Since the launch of COVID-Net by DarwinAI and the University of Waterloo’s Vision and Imaging Processing (VIP) Lab, the project has continued to evolve with assistance, participation and collaboration from researchers and clinicians around the world. The initiative eventually led to a collaboration between DarwinAI and Red Hat, using underlying technology from Boston Children’s, the number one pediatric hospital in the nation.

The goal of this collaboration is to make it easier for clinicians to use COVID-Net in hospitals by means of a web-based graphical user interface (GUI) that sits atop Boston Children’s ChRIS framework using Red Hat OpenShift — the industry’s leading enterprise Kubernetes platform that supports deployments across complex hybrid and multicloud infrastructures.

“Improving clinical care and outcomes through cutting edge computational research is core to the mission of Boston Children’s FNNDSC. Our open source ChRIS platform allows for the rapid development and deployment of novel AI solutions in practically any setting,” said Boston Children’s Scientist Rudolph Pienaar, Ph.D., lead Technical Architect of ChRIS and Assistant Professor in Radiology at Harvard Medical School. “We are thrilled to help deploy COVID-Net on ChRIS with DarwinAI and leverage Red Hat OpenShift. We believe this effort can result in screening many cases at tremendous scale and help focus healthcare where it is most needed as quickly as possible.”

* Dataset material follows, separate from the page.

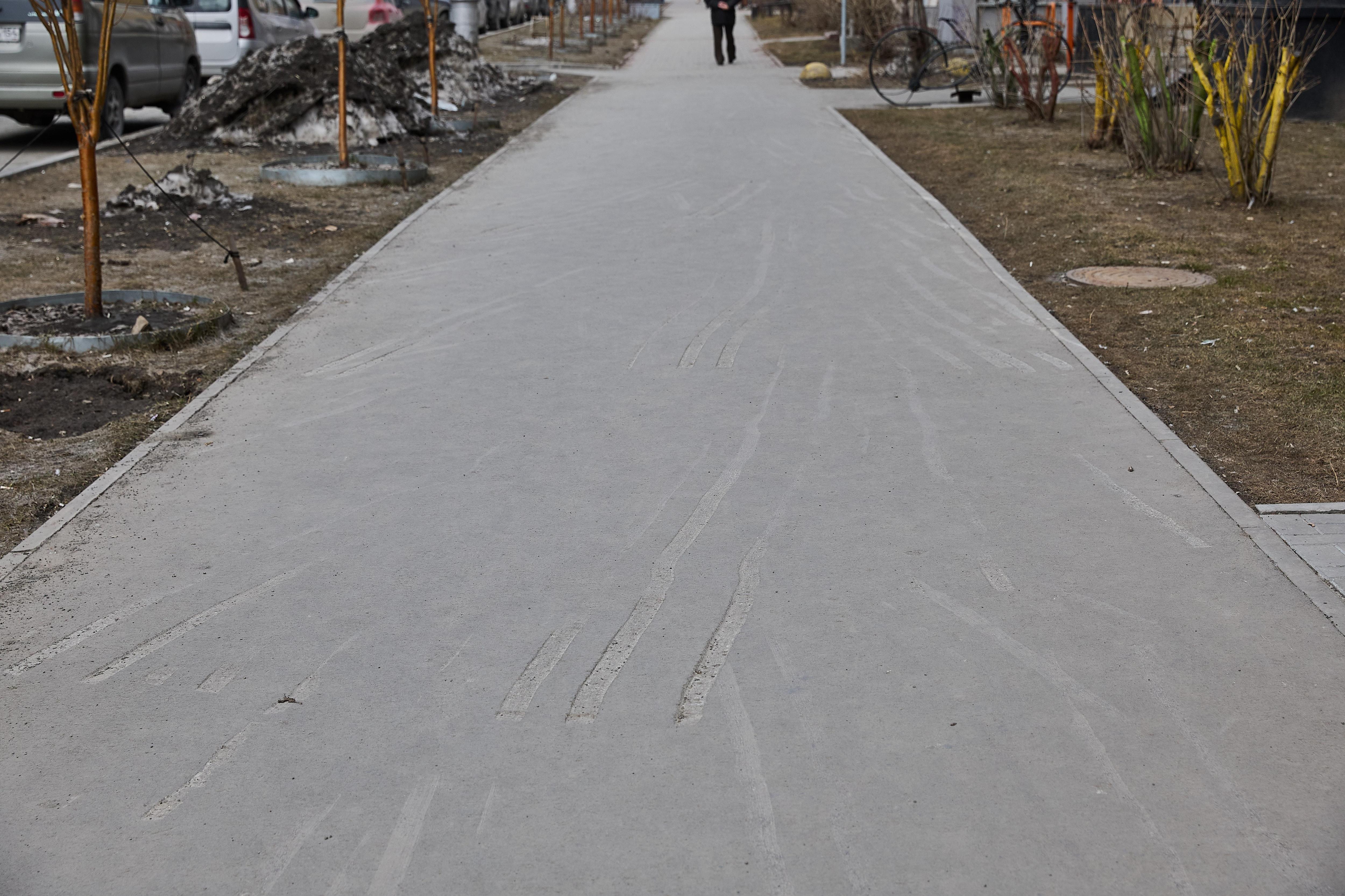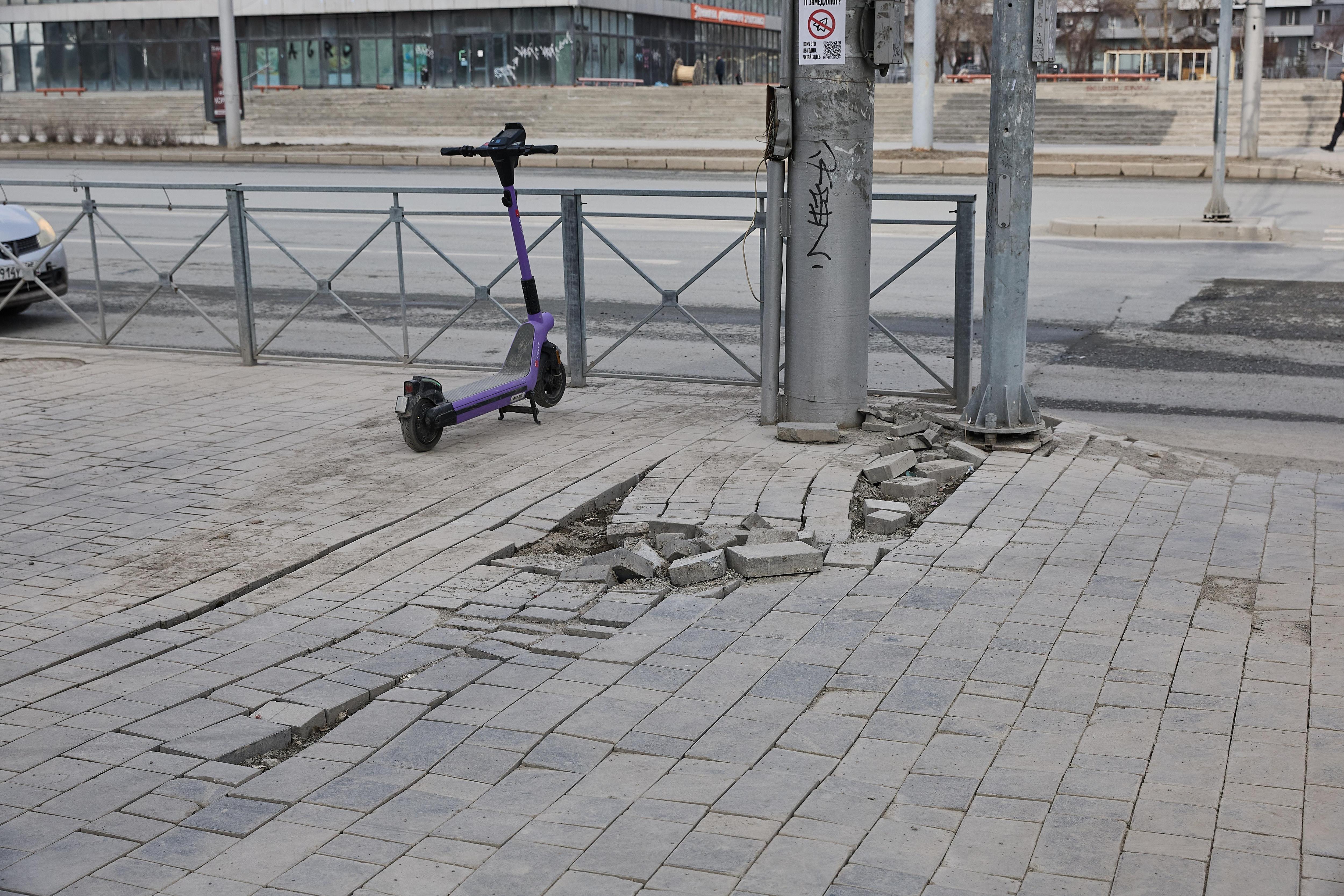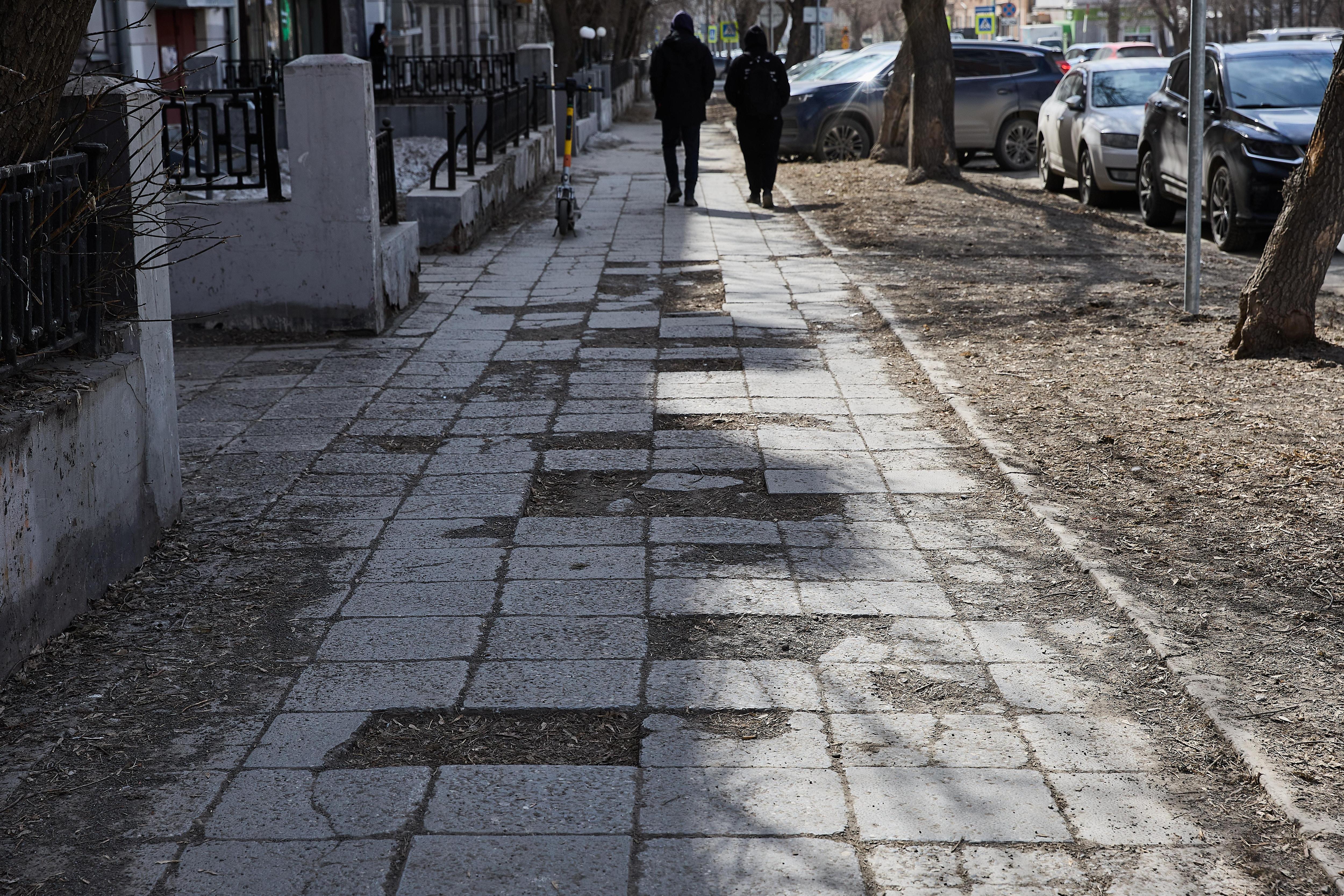На тротуарах образовались проплешины из-за отсутствующей плитки, напоминая клетки для игры в классики.

“Our mission is to help people build AI they can trust, and the development of COVID-Net is a topical and timely manifestation of that goal,” said Sheldon Fernandez, DarwinAI’s CEO. “The COVID-Net system is a promising tool, but needs to be coupled with a compelling GUI to be effective — Boston Children’s ChRIS framework and the Red Hat OpenShift platform provides an effective way to get COVID-Net into the hands of health care professionals on the front lines.”

“At Red Hat, we pride ourselves on our open technologies hybrid cloud being used for the greater good,” said Chris Wright, senior vice president and chief technology officer, Red Hat. “COVID-19 impacts us all, and we are proud to have Red Hat OpenShift be an underlying technology in COVID-Net, a platform designed to better help frontline healthcare workers when it comes to understanding this complex disease.”

About COVID-Net

As the first wave of the COVID-19 pandemic took hold, the medical community reported one of the largest bottlenecks in triage and diagnosis was the scarcity and turn around time of the standard RT-PCR viral test. In response, DarwinAI collaborated with researchers at the University of Waterloo’s Vision and Imaging Processing (VIP) Lab to develop COVID-Net as a complementary tool to assist clinicians in rapidly screening for COVID-19 and assessing disease progression and severity.

DarwinAI’s Generative Synthesis platform enabled its team to develop COVID-Net in under a week, and on March 22 it was open-sourced and made publicly available to the research and international clinical community. The COVID-Net initiative has received global support and contribution from around 20 clinical institutes and healthcare providers around the world including Canada, U.S., Spain, India, and Malaysia.